Problem to solve:
Below are records that contain pictures; transcribe the text exactly and omit the pictures.

Exercise input:

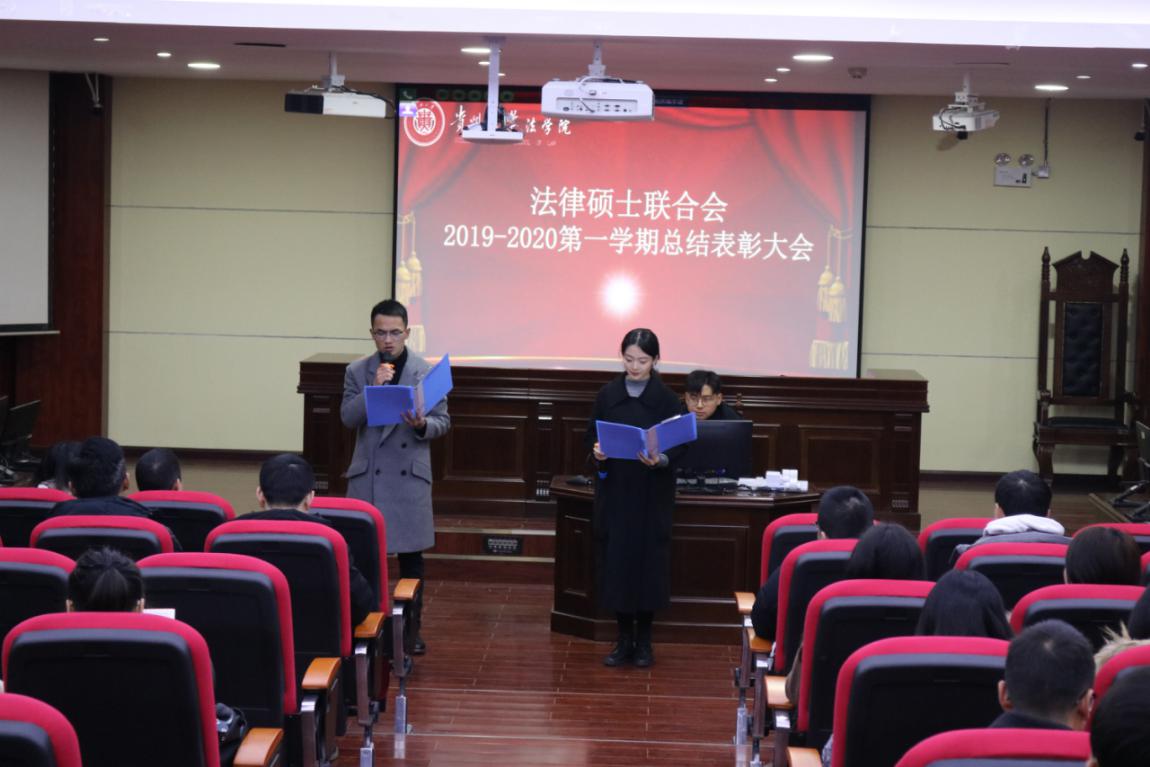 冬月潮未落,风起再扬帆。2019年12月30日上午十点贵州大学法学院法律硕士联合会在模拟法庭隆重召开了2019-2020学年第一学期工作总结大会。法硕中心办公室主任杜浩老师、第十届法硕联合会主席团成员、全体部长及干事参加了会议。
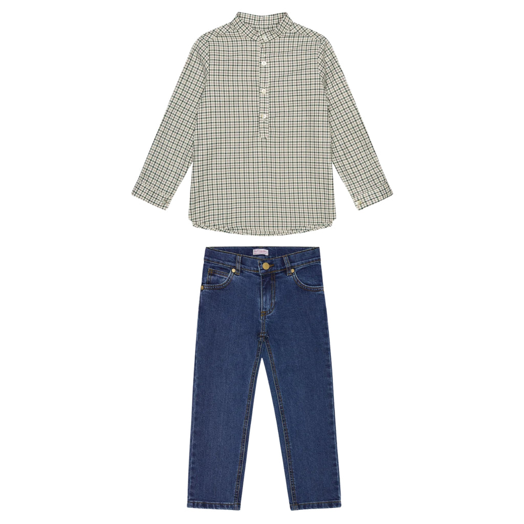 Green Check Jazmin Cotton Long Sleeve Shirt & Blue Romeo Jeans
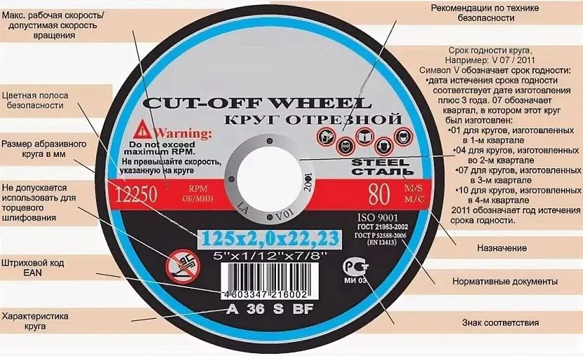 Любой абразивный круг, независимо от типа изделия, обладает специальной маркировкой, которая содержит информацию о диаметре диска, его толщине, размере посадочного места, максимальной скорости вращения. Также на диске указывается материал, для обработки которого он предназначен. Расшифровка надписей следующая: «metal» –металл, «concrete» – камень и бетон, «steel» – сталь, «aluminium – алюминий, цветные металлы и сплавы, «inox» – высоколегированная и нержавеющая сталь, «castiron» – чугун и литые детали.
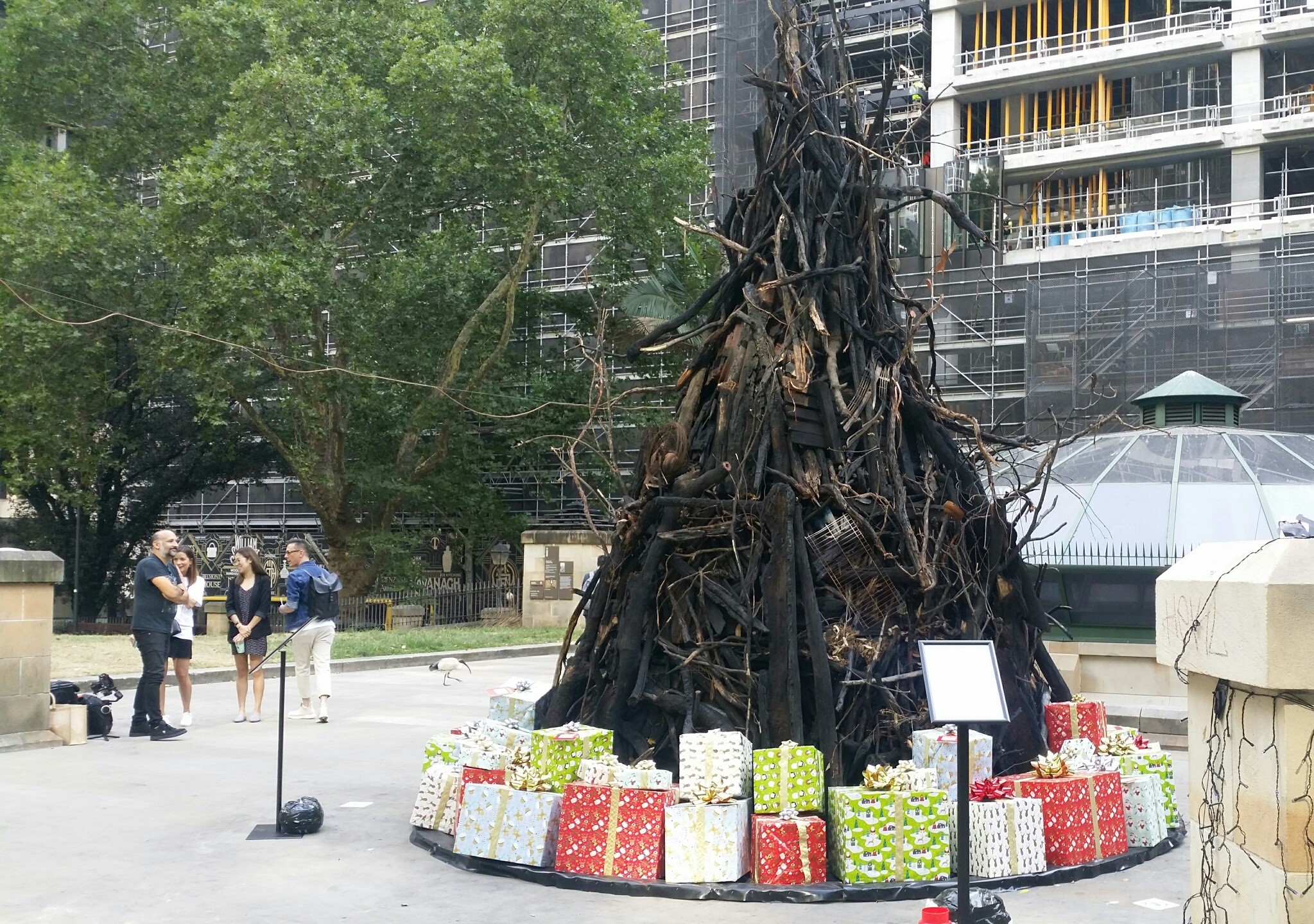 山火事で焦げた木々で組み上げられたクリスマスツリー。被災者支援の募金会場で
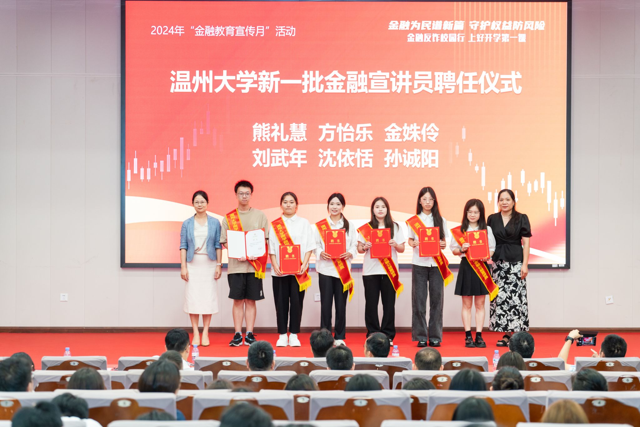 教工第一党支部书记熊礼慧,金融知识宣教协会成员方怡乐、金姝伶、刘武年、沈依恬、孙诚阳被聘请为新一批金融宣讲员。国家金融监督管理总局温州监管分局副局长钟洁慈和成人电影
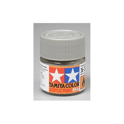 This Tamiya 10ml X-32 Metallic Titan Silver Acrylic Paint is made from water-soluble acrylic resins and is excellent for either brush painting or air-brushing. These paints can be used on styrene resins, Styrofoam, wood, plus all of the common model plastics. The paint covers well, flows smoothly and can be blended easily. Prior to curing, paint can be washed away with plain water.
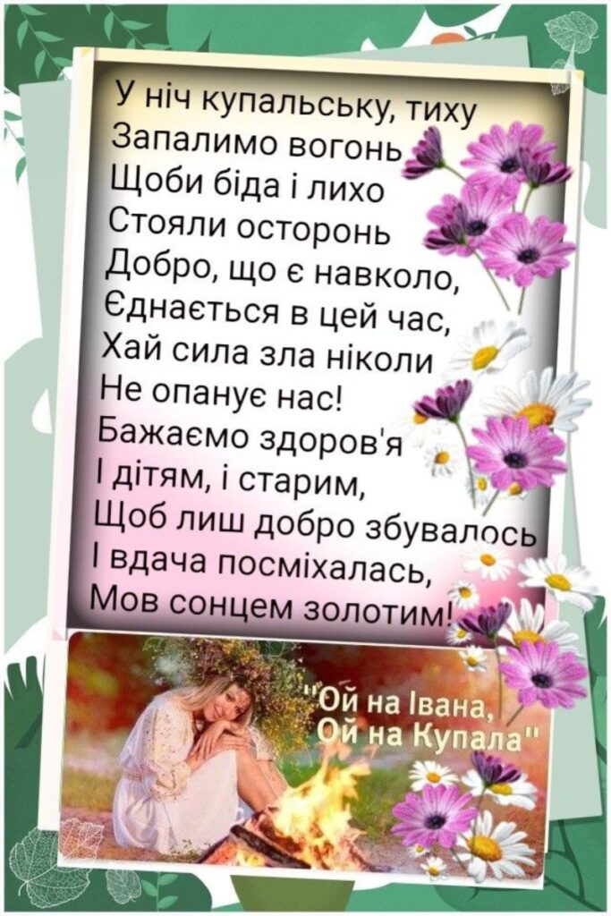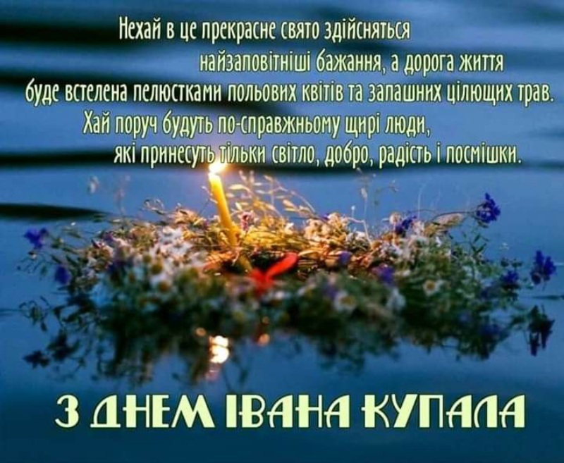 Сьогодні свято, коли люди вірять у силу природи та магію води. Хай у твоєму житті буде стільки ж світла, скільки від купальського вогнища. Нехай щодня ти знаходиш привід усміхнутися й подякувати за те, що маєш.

Completed task:
 冬月潮未落,风起再扬帆。2019年12月30日上午十点贵州大学法学院法律硕士联合会在模拟法庭隆重召开了2019-2020学年第一学期工作总结大会。法硕中心办公室主任杜浩老师、第十届法硕联合会主席团成员、全体部长及干事参加了会议。
 Green Check Jazmin Cotton Long Sleeve Shirt & Blue Romeo Jeans
 Любой абразивный круг, независимо от типа изделия, обладает специальной маркировкой, которая содержит информацию о диаметре диска, его толщине, размере посадочного места, максимальной скорости вращения. Также на диске указывается материал, для обработки которого он предназначен. Расшифровка надписей следующая: «metal» –металл, «concrete» – камень и бетон, «steel» – сталь, «aluminium – алюминий, цветные металлы и сплавы, «inox» – высоколегированная и нержавеющая сталь, «castiron» – чугун и литые детали.
 山火事で焦げた木々で組み上げられたクリスマスツリー。被災者支援の募金会場で
 教工第一党支部书记熊礼慧,金融知识宣教协会成员方怡乐、金姝伶、刘武年、沈依恬、孙诚阳被聘请为新一批金融宣讲员。国家金融监督管理总局温州监管分局副局长钟洁慈和成人电影
 This Tamiya 10ml X-32 Metallic Titan Silver Acrylic Paint is made from water-soluble acrylic resins and is excellent for either brush painting or air-brushing. These paints can be used on styrene resins, Styrofoam, wood, plus all of the common model plastics. The paint covers well, flows smoothly and can be blended easily. Prior to curing, paint can be washed away with plain water.
 Сьогодні свято, коли люди вірять у силу природи та магію води. Хай у твоєму житті буде стільки ж світла, скільки від купальського вогнища. Нехай щодня ти знаходиш привід усміхнутися й подякувати за те, що маєш.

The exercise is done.